▸ Recorded data:
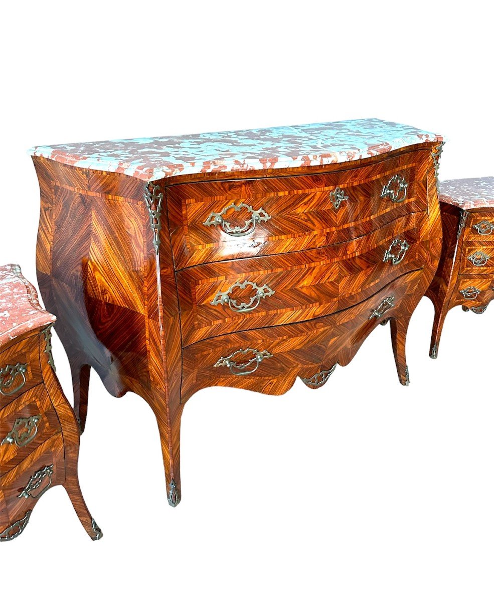 Elégant Triptyque composé d'une commode et de deux chevets, en bois et plaqué d'ébène, de style Louis XV réalisé dans la seconde moitié du XIXème siècle.
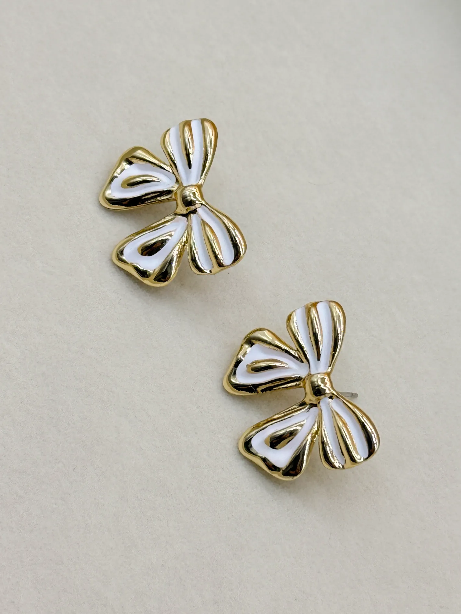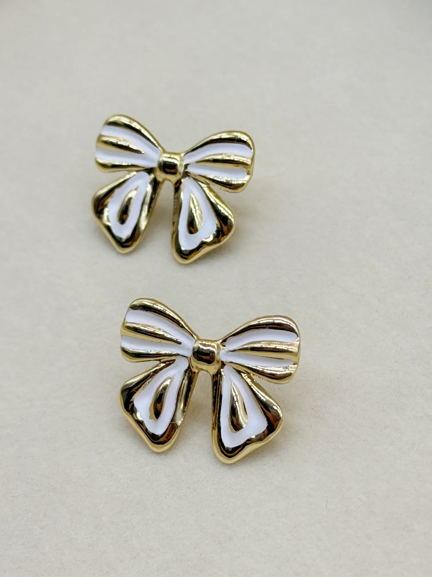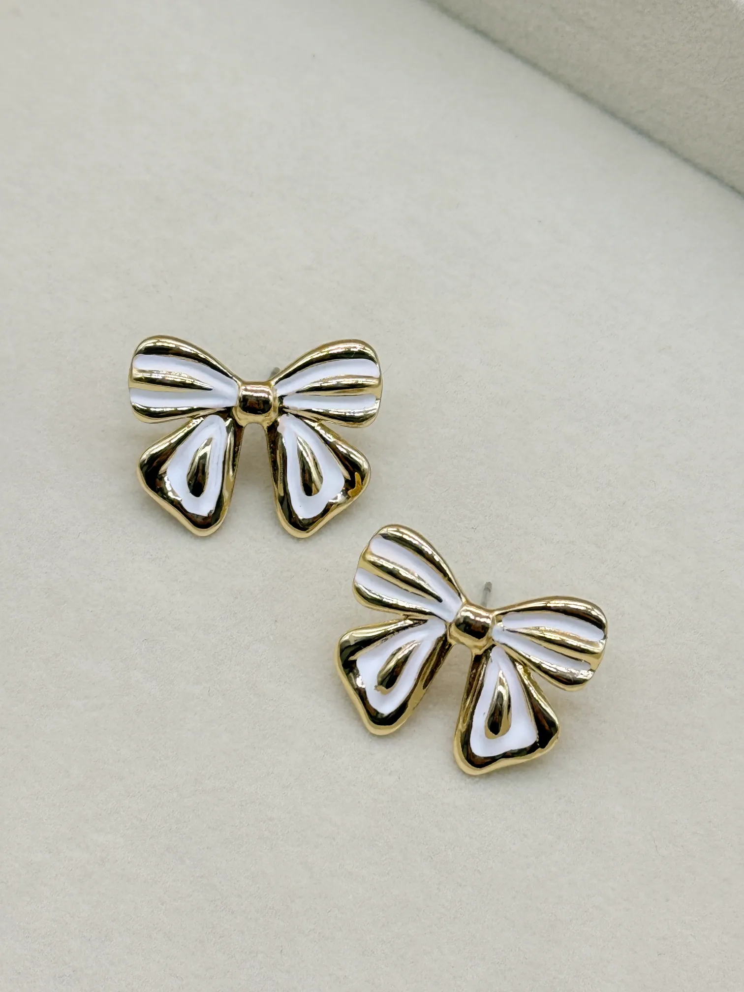 February 19, 2026Elevate your everyday style with these elegant bow-shaped stud earrings featuring a smooth white enamel finish beautifully outlined in gold plating. With their graceful and feminine charm, these studs are perfect for adding a subtle yet stylish touch to both casual and occasion wear.
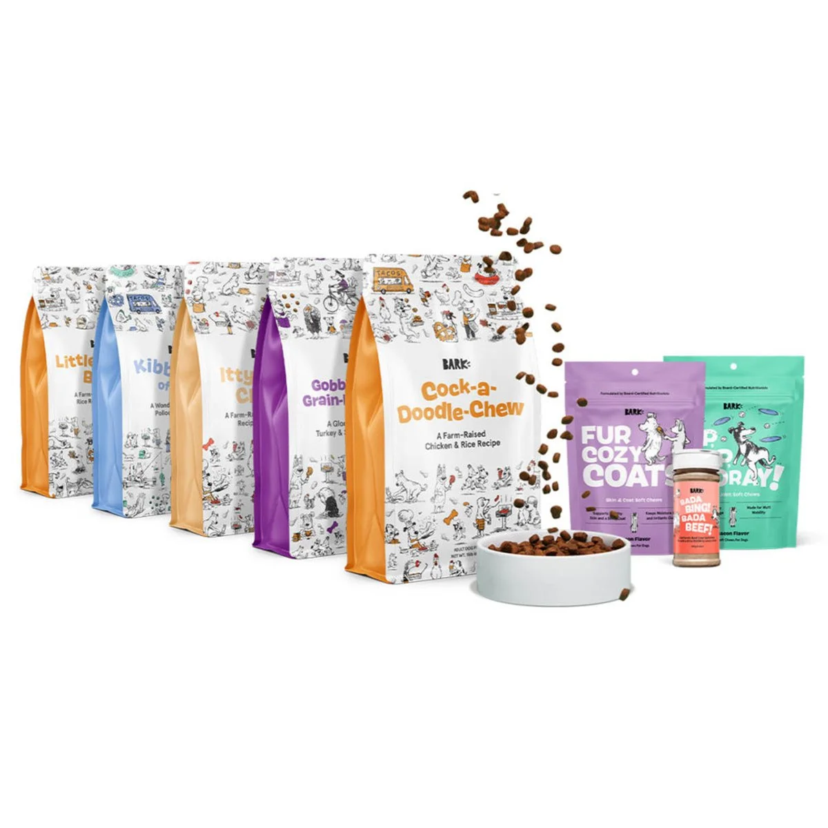 Developed engaging assets for BARK’s toy collections, kibble products, and dental line, including logos, web designs, and packaging. This work featured playful landing pages and emails for BarkBox, alongside packaging highlighting BARK Food’s premium kibble recipes, supplements, and toppers crafted by a board-certified nutritionist. I also designed web and email assets for BARK Bright, promoting monthly dental kits of chews and toothpaste. Each design captured BARK’s distinctive brand voice while enhancing customer engagement and fostering deeper connections with pet owners across the various product lines.

▸ What the task requires: Write out the data above exactly, minus any images.

▸ Reply to the task:
 Elégant Triptyque composé d'une commode et de deux chevets, en bois et plaqué d'ébène, de style Louis XV réalisé dans la seconde moitié du XIXème siècle.
 February 19, 2026Elevate your everyday style with these elegant bow-shaped stud earrings featuring a smooth white enamel finish beautifully outlined in gold plating. With their graceful and feminine charm, these studs are perfect for adding a subtle yet stylish touch to both casual and occasion wear.
 Developed engaging assets for BARK’s toy collections, kibble products, and dental line, including logos, web designs, and packaging. This work featured playful landing pages and emails for BarkBox, alongside packaging highlighting BARK Food’s premium kibble recipes, supplements, and toppers crafted by a board-certified nutritionist. I also designed web and email assets for BARK Bright, promoting monthly dental kits of chews and toothpaste. Each design captured BARK’s distinctive brand voice while enhancing customer engagement and fostering deeper connections with pet owners across the various product lines.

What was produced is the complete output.